Stored items from a collection:
┌────────

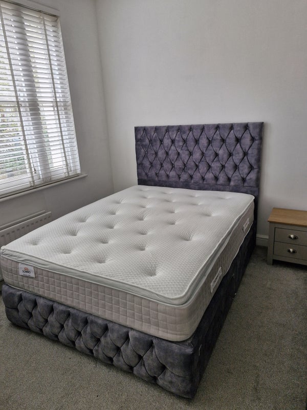 Fully furnished room with bed, desk with gaming chair and bed side table
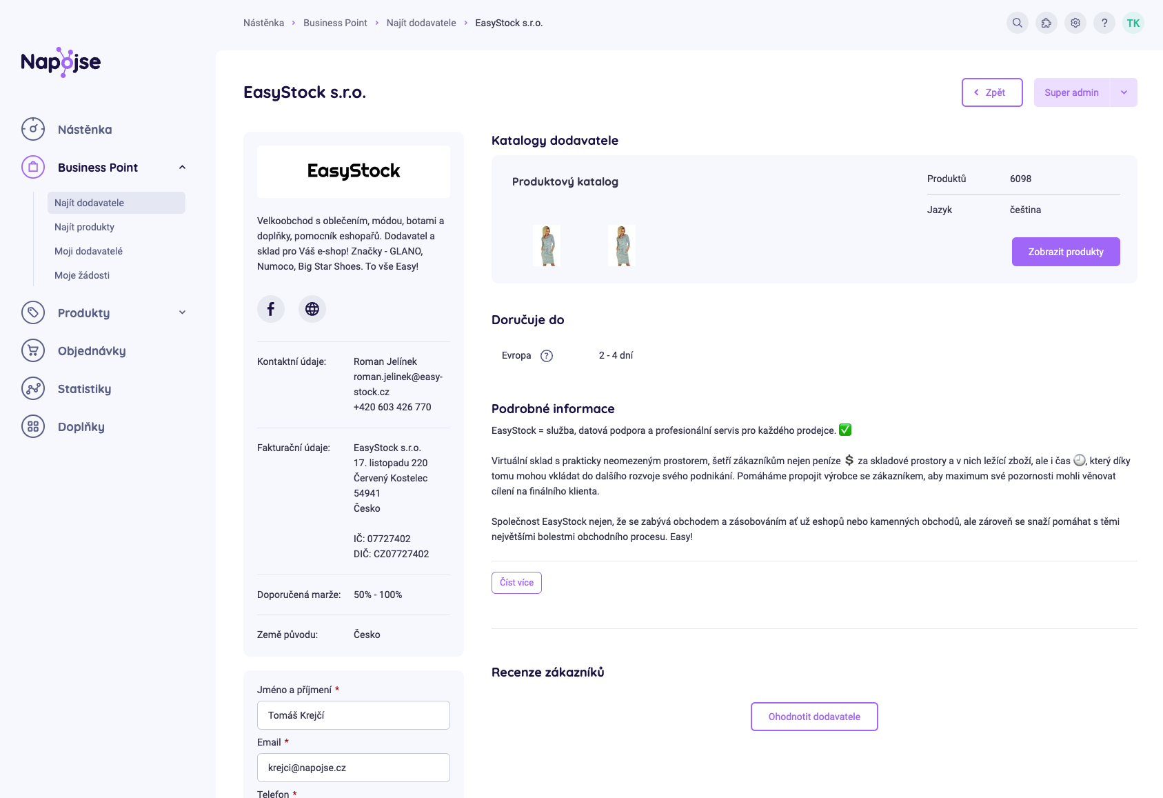 Jak doplňěk Napojse pro dodavatele vypadá?
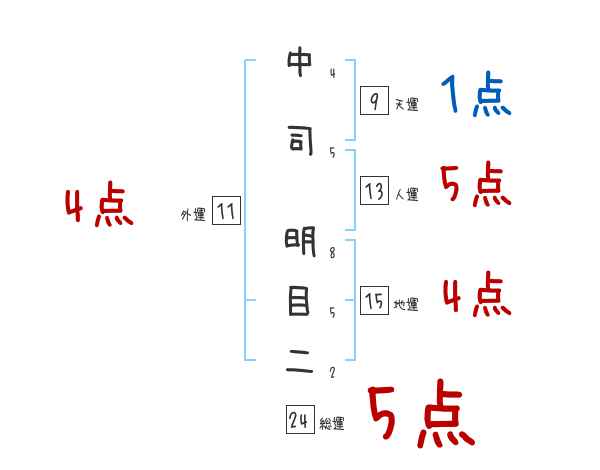 | 地運  | 中司明目二さんの地運は15画の4つ星!人徳があり出世する。順調に物事を進め円満な人生。個性を表す基礎的な運勢です。性格形成や対人関係、行動力など家庭環境に影響されます。主に誕生してから20歳くらいまでの若年期の運勢を表します。 |
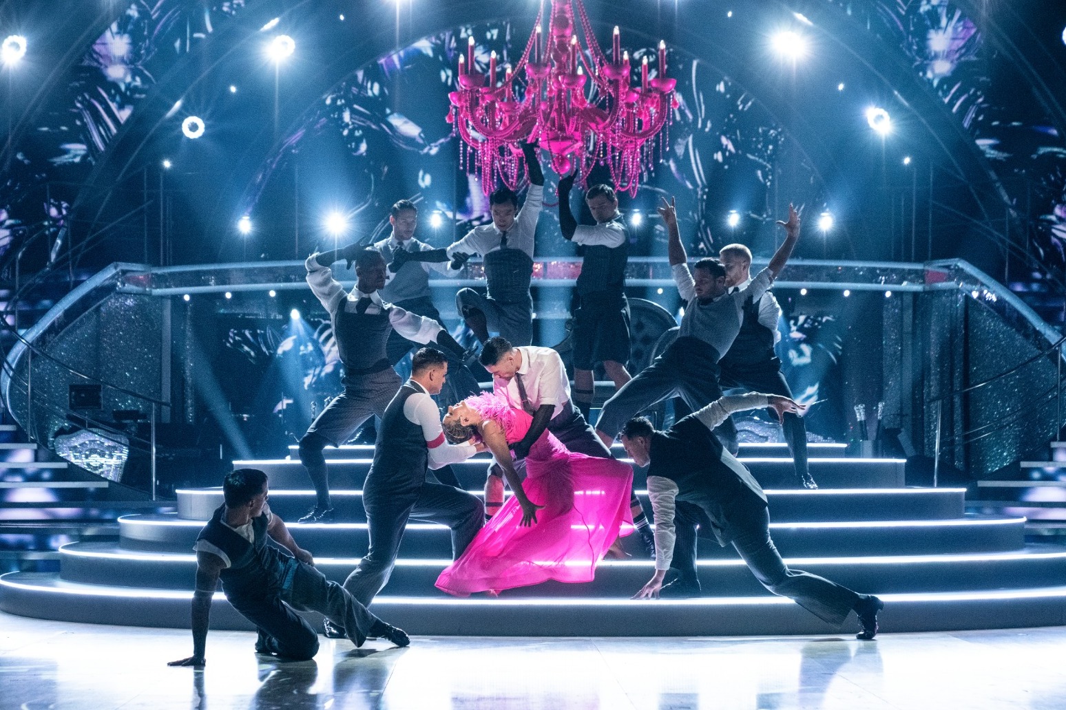 The routine was choreographed by Jason Gilkison and is danced to a medley of Training Season by Dua Lipa, Busy Earnin’ and Keep Moving both by Jungle, and Candle Flame by Jungle and Eric the Architect, all performed by Dave Arch and his band.
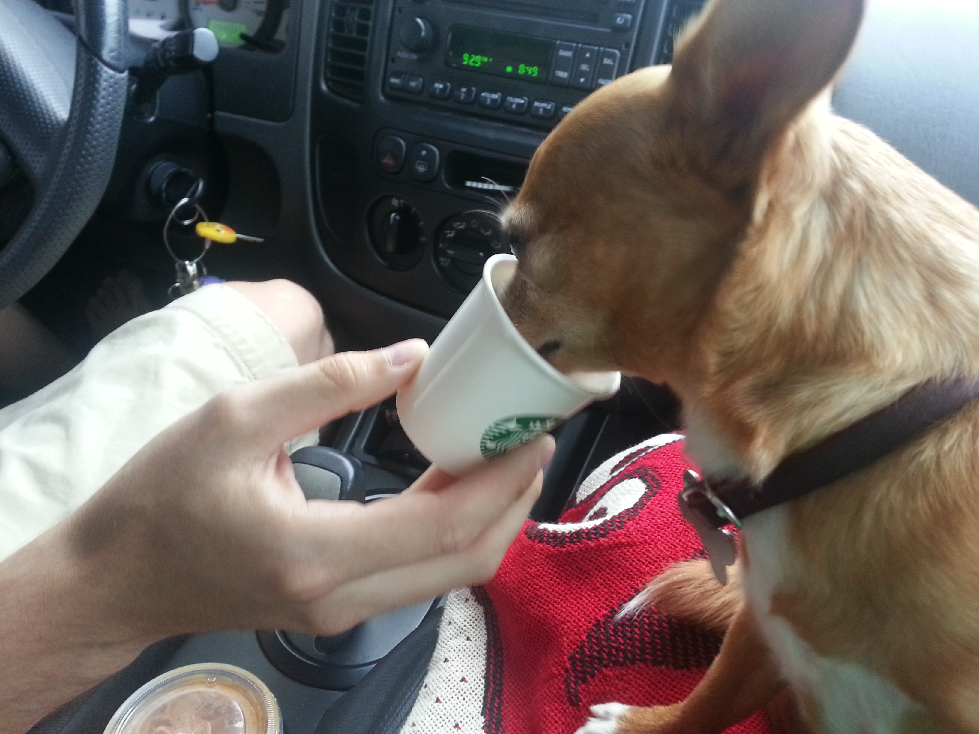 Cooper enjoying a puppy latte.
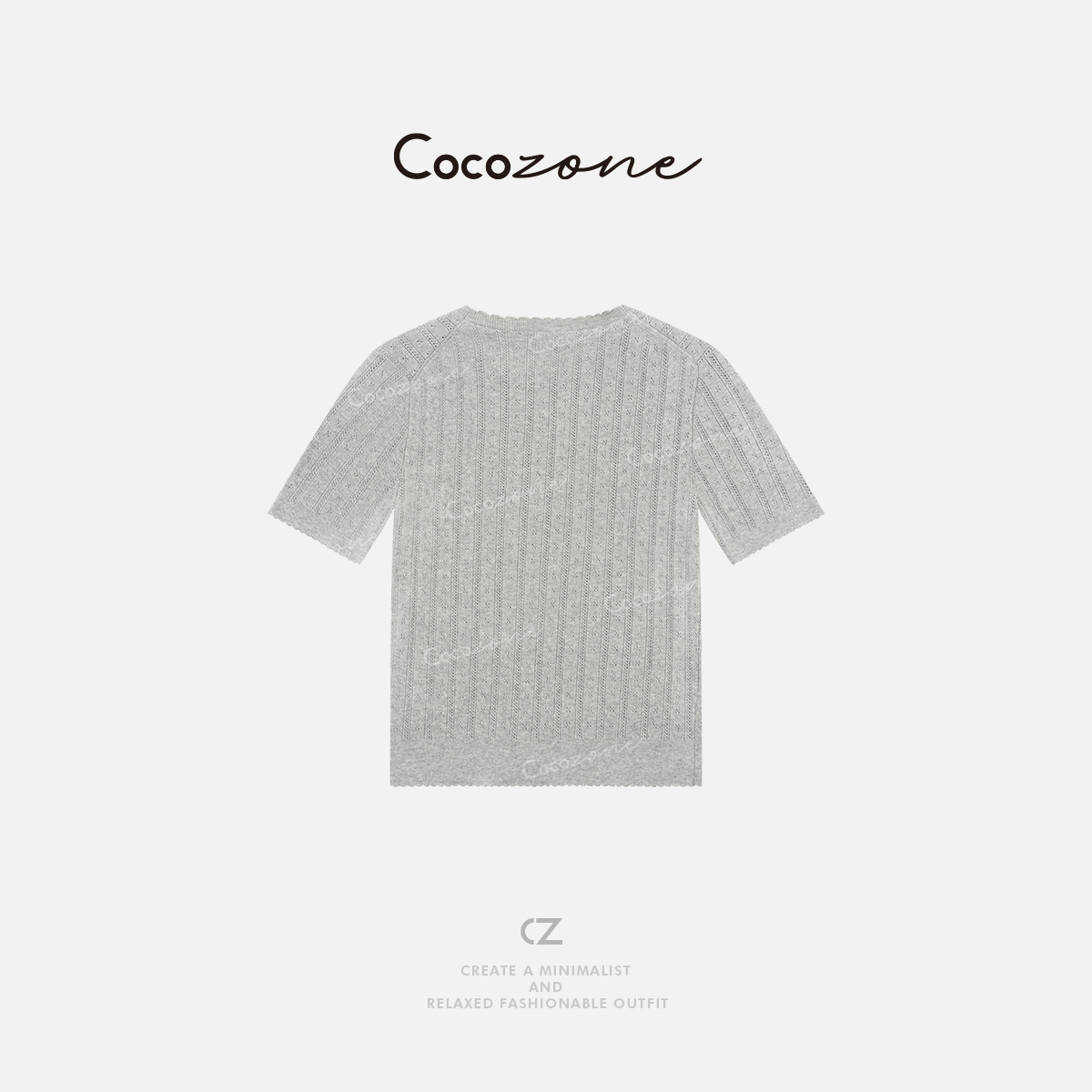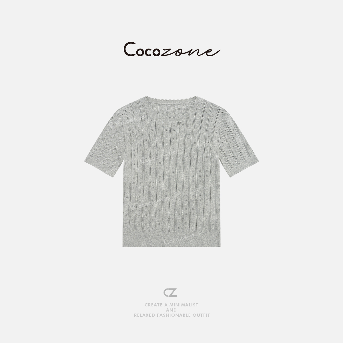 COCO ZONE 刘一一 【100棉】圆领星空镂空毛织上衣 CD1A1055
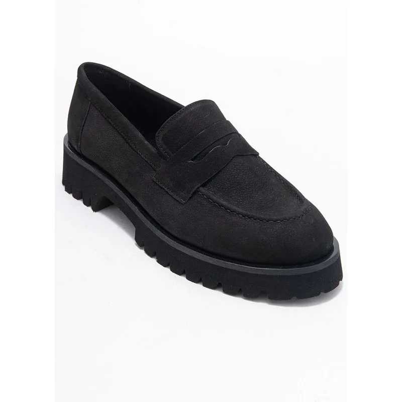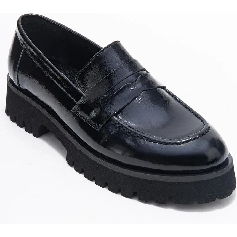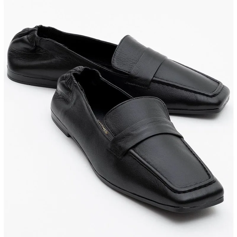 Noir Leren Plat Loafers Dames
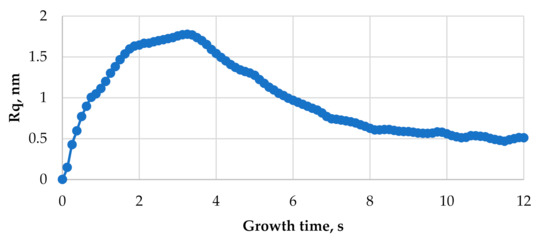 Figure 6 shows the evolution in time of the surface roughness of the thin film grown at the substrate temperature of 773 K with the relative particle flux of i = 1 s−1. The curve passes maximum; at the beginning of deposition process, surface roughness increases and then starts to decrease. The similar kinetics of surface roughness are obtained by using Mote Carlo simulation techniques [32]. From Figure 6, it is seen that the surface roughness most rapidly increases during first two seconds of the film growth. From 2 s to 3.2 s, the surface roughness increases slower with time in comparison to first two seconds. At the growth time of ~3.25 s, the surface roughness reaches its maximum value and stars to decrease thereafter. The surface roughness decrease rate is highest during the period between 3.5 s and 7 s; after this period, the surface roughness starts to decrease slower and only negligible surface roughness oscillations are observed during the last few seconds.
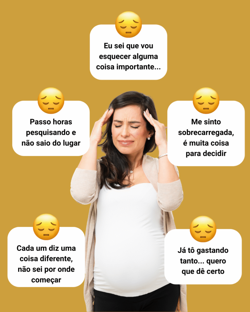 Você começa a montar o enxoval cheia de empolgação, mas termina esgotada e frustrada. Sem uma ordem clara, as compras viram uma maratona confusa. E no final, você não sabe dizer se todo o esforço e gasto realmente valeram a pena.
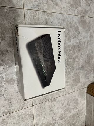 Router Livebox Fibra en color negro. - Diseño moderno y compacto. - Indicadores LED frontales.

└────────

The task: Word for word, set down every record, keeping the images out.

Exercise output:
 Fully furnished room with bed, desk with gaming chair and bed side table
 Jak doplňěk Napojse pro dodavatele vypadá?
 | 地運  | 中司明目二さんの地運は15画の4つ星!人徳があり出世する。順調に物事を進め円満な人生。個性を表す基礎的な運勢です。性格形成や対人関係、行動力など家庭環境に影響されます。主に誕生してから20歳くらいまでの若年期の運勢を表します。 |
 The routine was choreographed by Jason Gilkison and is danced to a medley of Training Season by Dua Lipa, Busy Earnin’ and Keep Moving both by Jungle, and Candle Flame by Jungle and Eric the Architect, all performed by Dave Arch and his band.
 Cooper enjoying a puppy latte.
 COCO ZONE 刘一一 【100棉】圆领星空镂空毛织上衣 CD1A1055
 Noir Leren Plat Loafers Dames
 Figure 6 shows the evolution in time of the surface roughness of the thin film grown at the substrate temperature of 773 K with the relative particle flux of i = 1 s−1. The curve passes maximum; at the beginning of deposition process, surface roughness increases and then starts to decrease. The similar kinetics of surface roughness are obtained by using Mote Carlo simulation techniques [32]. From Figure 6, it is seen that the surface roughness most rapidly increases during first two seconds of the film growth. From 2 s to 3.2 s, the surface roughness increases slower with time in comparison to first two seconds. At the growth time of ~3.25 s, the surface roughness reaches its maximum value and stars to decrease thereafter. The surface roughness decrease rate is highest during the period between 3.5 s and 7 s; after this period, the surface roughness starts to decrease slower and only negligible surface roughness oscillations are observed during the last few seconds.
 Você começa a montar o enxoval cheia de empolgação, mas termina esgotada e frustrada. Sem uma ordem clara, as compras viram uma maratona confusa. E no final, você não sabe dizer se todo o esforço e gasto realmente valeram a pena.
 Router Livebox Fibra en color negro. - Diseño moderno y compacto. - Indicadores LED frontales.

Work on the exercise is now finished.